Le placenta n’appartient ni à la mère, ni au père, ni à l’enfant. Le Code civil (article 16-1) stipule que le corps humain et ses éléments ne peuvent faire l’objet d’une appropriation. Le ministère de la Santé a rappelé dans une circulaire du 29 août 2012 que le placenta est un déchet médical soumis à une réglementation stricte. Les hôpitaux et maternités ont l’obligation de l’éliminer, sauf dans des cas très précis de recherche scientifique ou thérapeutique, et toujours avec le consentement écrit de la patiente. Ainsi, en France, aucune patiente ne peut exiger de repartir avec son placenta, encore moins le faire transformer en gélules par une société privée. Toute pratique de ce type est illégale et passible de sanctions.

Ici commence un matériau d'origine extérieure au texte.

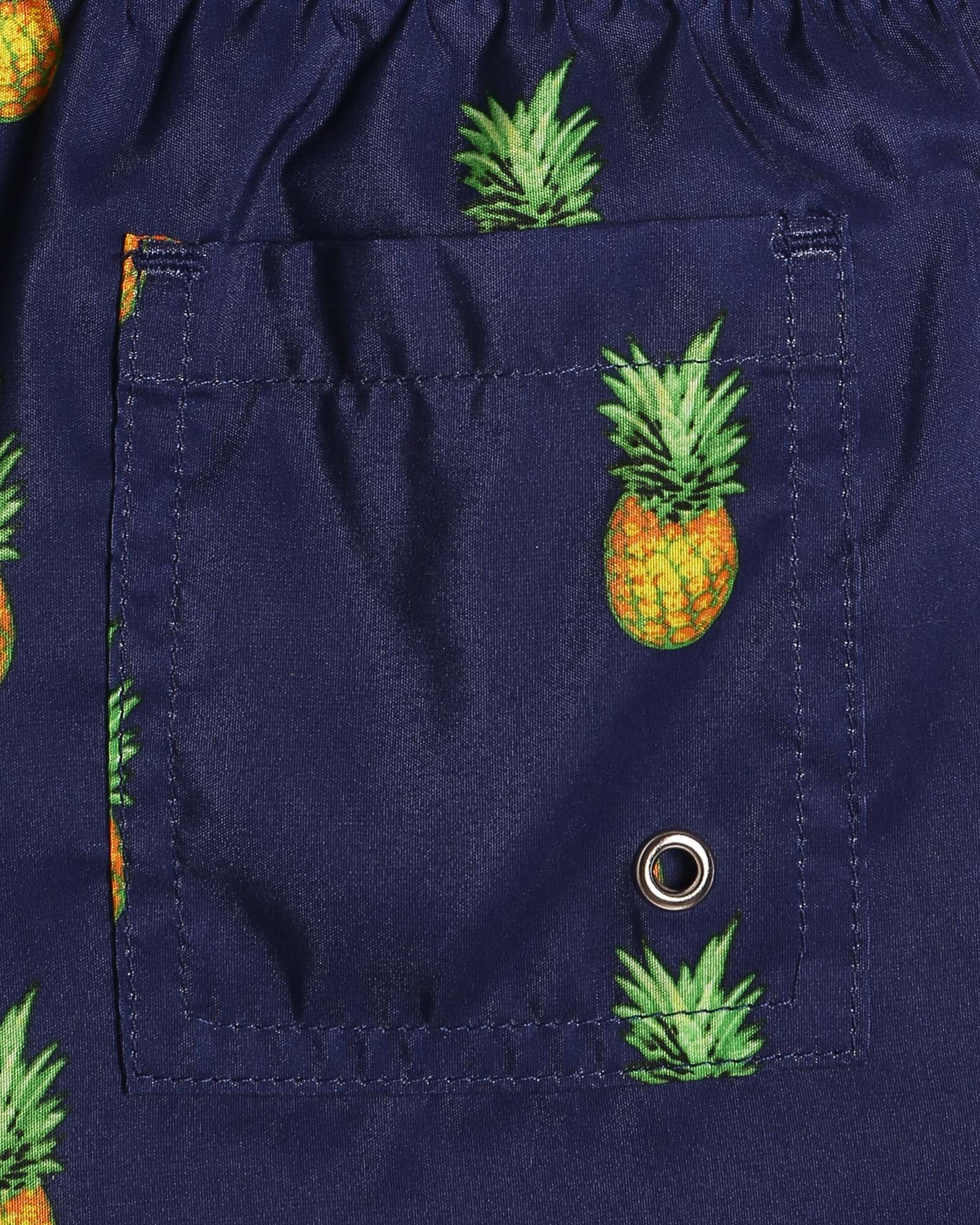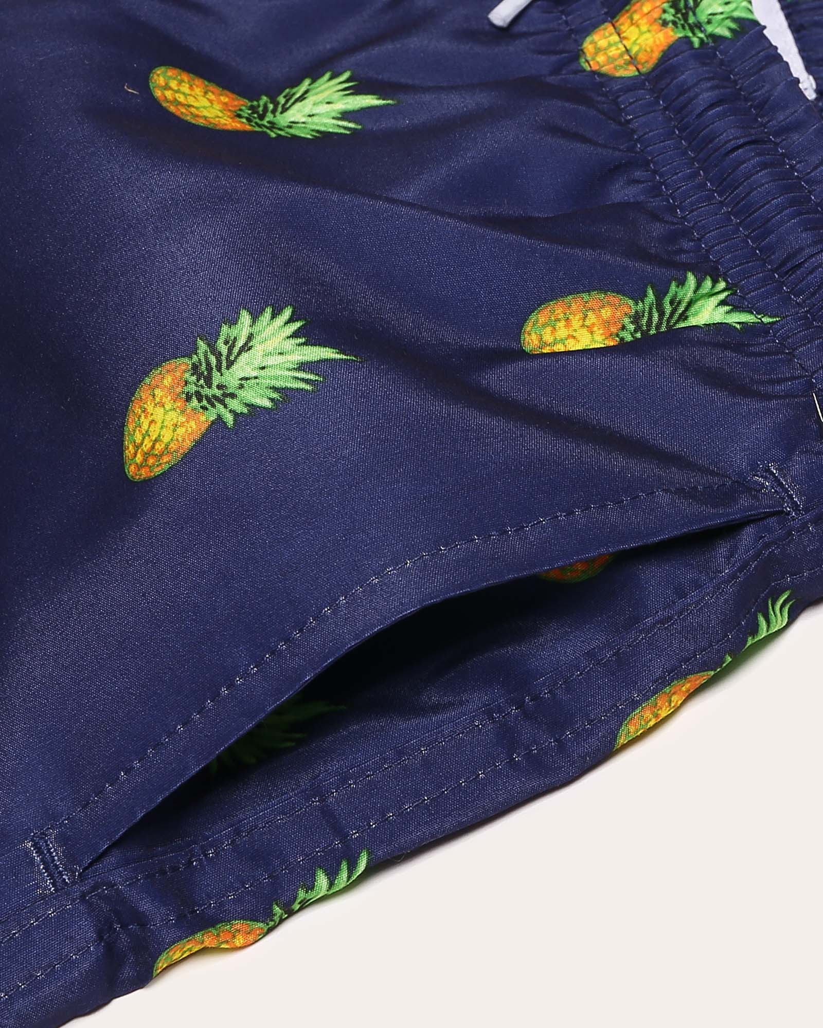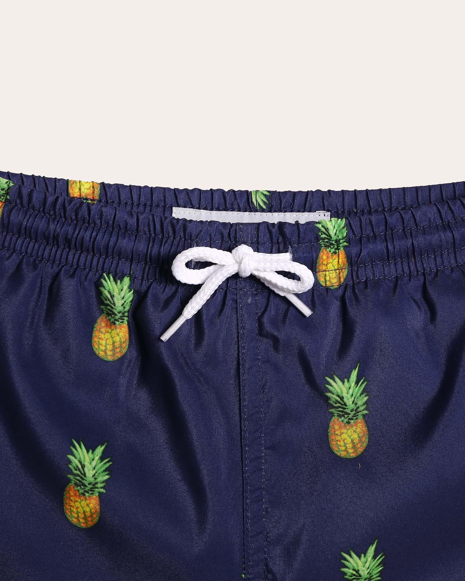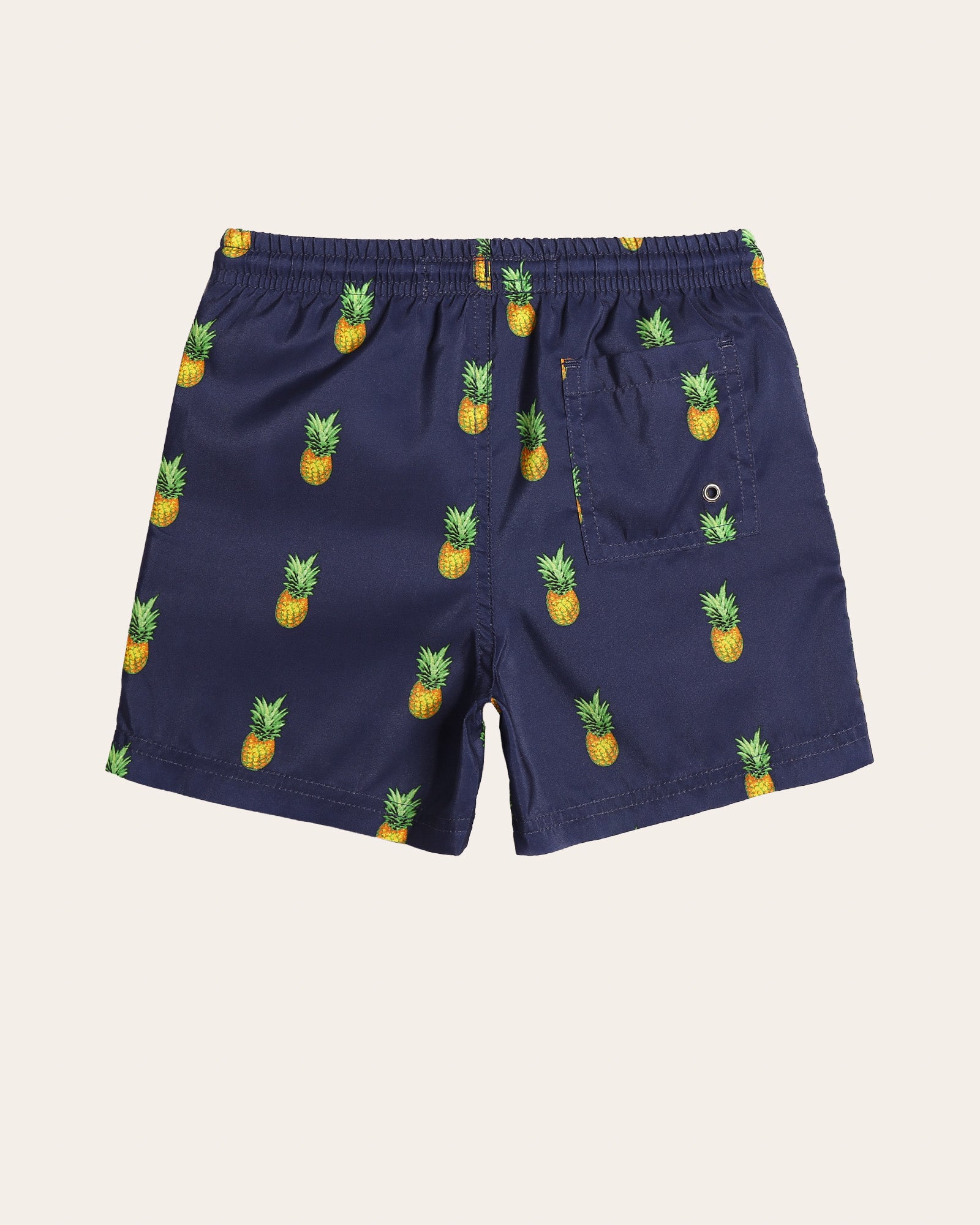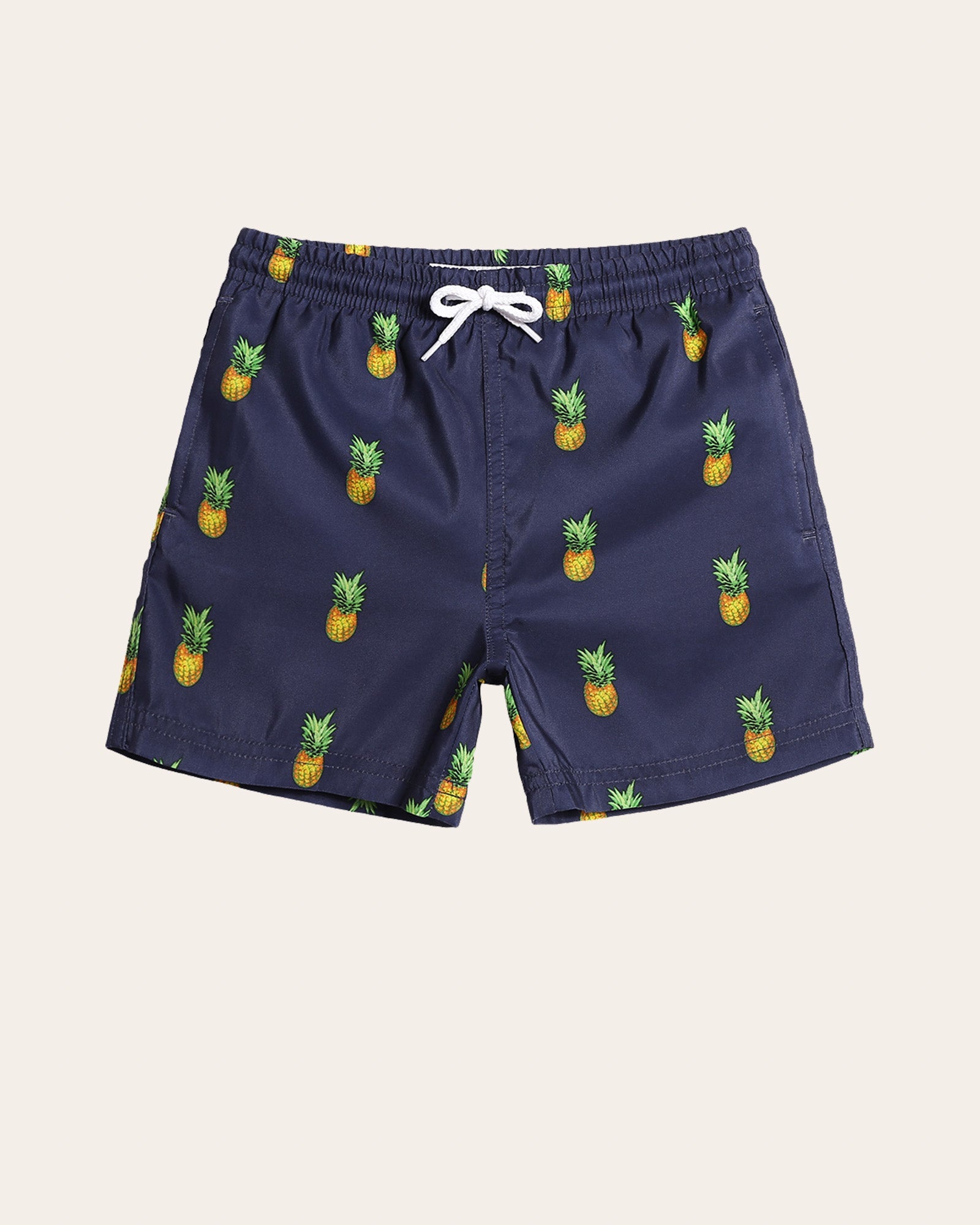 BeachBliss Kids Pineapple Swim Trunks feature a vibrant pineapple print, adding a tropical touch to your child's summer fun. Made from quick-drying fabric, they’re perfect for beach days, poolside play, or any sunny outdoor adventure.
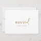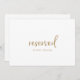 Este guião rústico de ouro reservado é perfeito para um casamento no campo. A placa tem dois lados (impressões em ambos os lados). O simples e moderno design de ouro e branco apresenta uma única caligrafia manuscrita branca com estilo de boho minimalista contemporâneo. Personalizável em qualquer cor. Mantenha o design mínimo e simplista, como está, ou personalize-o adicionando seus próprios gráficos e trabalhos de arte. Use estes cartões para reservar cadeiras ou mesas na cerimônia de casamento, recepção ou qualquer evento.
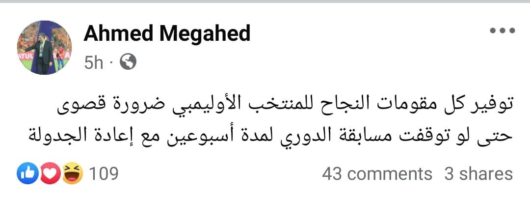 وقال مجاهد في تدوينة عبر حسابه الرسمي على "فيس بوك":"توفير كل مقومات النجاح للمنتخب الأوليمبي ضرورة قصوى حتى لو توقفت مسابقة الدوري لمدة أسبوعين مع إعادة الجدولة".
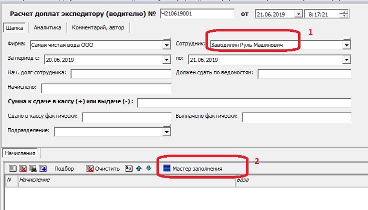 Программа заполнит период, указав начальную дату - следующий день после предыдущего расчета. При первом вводе начальная дата будет в 1899 году, это нормально. В случае, если есть сальдо расчетов с водителем (например, в прошлый раз ему выдан аванс), оно будет показано в поле «нач. долг сотрудника».

Alternatives à la Placentophagie : Clampage Tardif du Cordon et Don de Sang de Cordon
Néanmoins, si le fait de laisser l’intégralité du cordon et du placenta attachés au bébé n’a pas de bienfaits scientifiques prouvés, l’OMS recommande une alternative : celle du clampage de cordon tardif. En effet, attendre une à trois minutes avant de clamper le cordon ombilical après la venue au monde entraînerait « une augmentation de plus de 50 % des réserves en fer à six mois chez les bébés nés à terme ». Comme le précise l’Organisation mondiale de la Santé : « L’anémie chez l’enfant, causée principalement par la carence en fer, conduit à une augmentation de la mortalité infantile et à des troubles du développement comportemental, moteur et cognitif. (…) Les études mettent en évidence une réduction de 61 % du taux d’anémie nécessitant une transfusion sanguine en cas de clampage tardif du cordon. S’il suffit de ne pas couper le cordon immédiatement après la naissance pour éviter les anémies infantiles, c’est une bonne chose.
Une autre possibilité intéressante peut être également celle le don du sang de cordon : cette initiative, pratiquée dans de nombreuses maternités, permet à de nombreux enfants atteints de maladies du sang, comme la leucémie, de bénéficier des cellules souches présentes dans le cordon ombilical. Donner le sang du cordon est indolore pour la mère et l’enfant, et peut sauver de nombreuses vies.